START INFORMATION PROVIDED

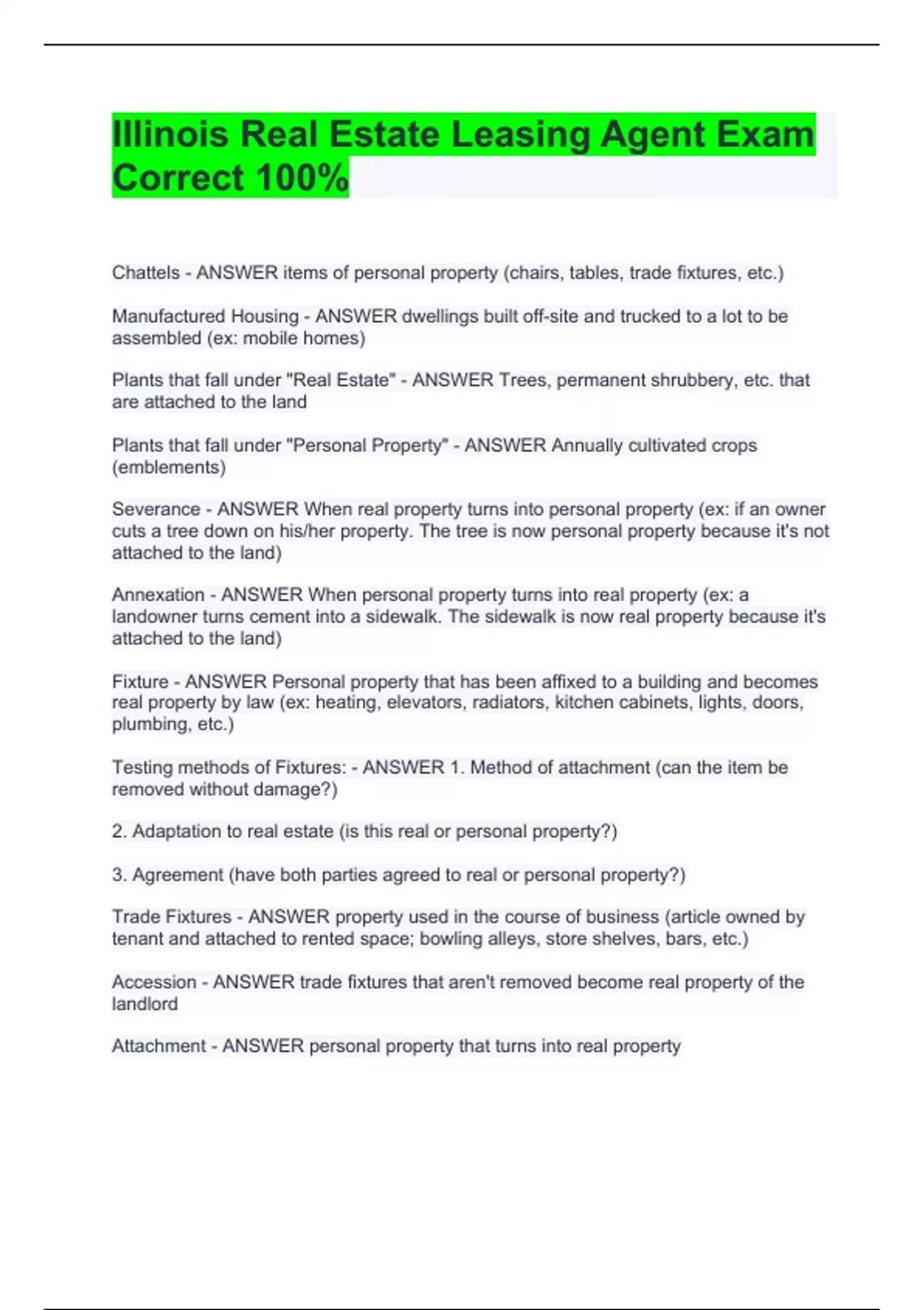 Illinois Real Estate Leasing Agent Exam Correct 100%
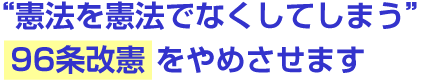 安倍首相は、「96条ならハードルは低い」という思惑から、改憲発議を国会議員の「3分の2以上」から「2分の1以上」に引き下げようといいだしました。"国民が権力を縛る" "時の権力の都合で勝手に憲法を変えさせない"という立憲主義を否定する暴挙に、「9条改憲」に賛成の人からも批判の声が上がっています。日本共産党は、国民的な共同でこのたくらみを断念においこむため奮闘します。
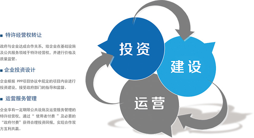 ■ 運(yùn)營服務(wù)管理企業(yè)享有一定期限公共設(shè)施及運(yùn)營服務(wù)管理的特許經(jīng)營權(quán),通過“ 使用者付費(fèi) ”及必要的“政府付費(fèi)”獲得合理投資回報,實(shí)現(xiàn)合作雙方互利共贏。
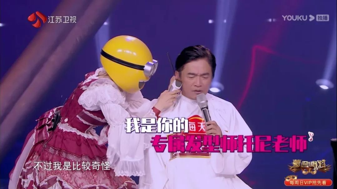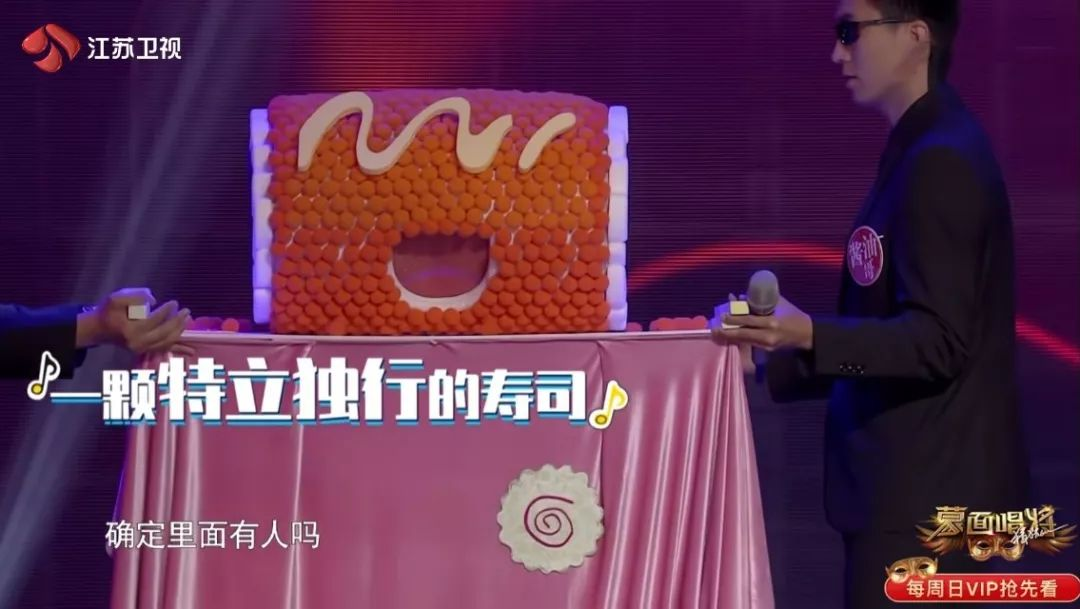 “首先,我要吐槽面具。这一季又是寿司、又是冰柜,我看这个节目不该叫蒙面唱将猜猜猜,干脆叫那些在柜子里唱歌的人好了。”

END INFORMATION PROVIDED

• **TASK PROMPT**: Put down exactly the lines of the data above that run from its first line through the line bearing "安倍首相は、「96条ならハー", and no pictures.

• **FINISHED TASK**:
 Illinois Real Estate Leasing Agent Exam Correct 100%
 安倍首相は、「96条ならハードルは低い」という思惑から、改憲発議を国会議員の「3分の2以上」から「2分の1以上」に引き下げようといいだしました。"国民が権力を縛る" "時の権力の都合で勝手に憲法を変えさせない"という立憲主義を否定する暴挙に、「9条改憲」に賛成の人からも批判の声が上がっています。日本共産党は、国民的な共同でこのたくらみを断念においこむため奮闘します。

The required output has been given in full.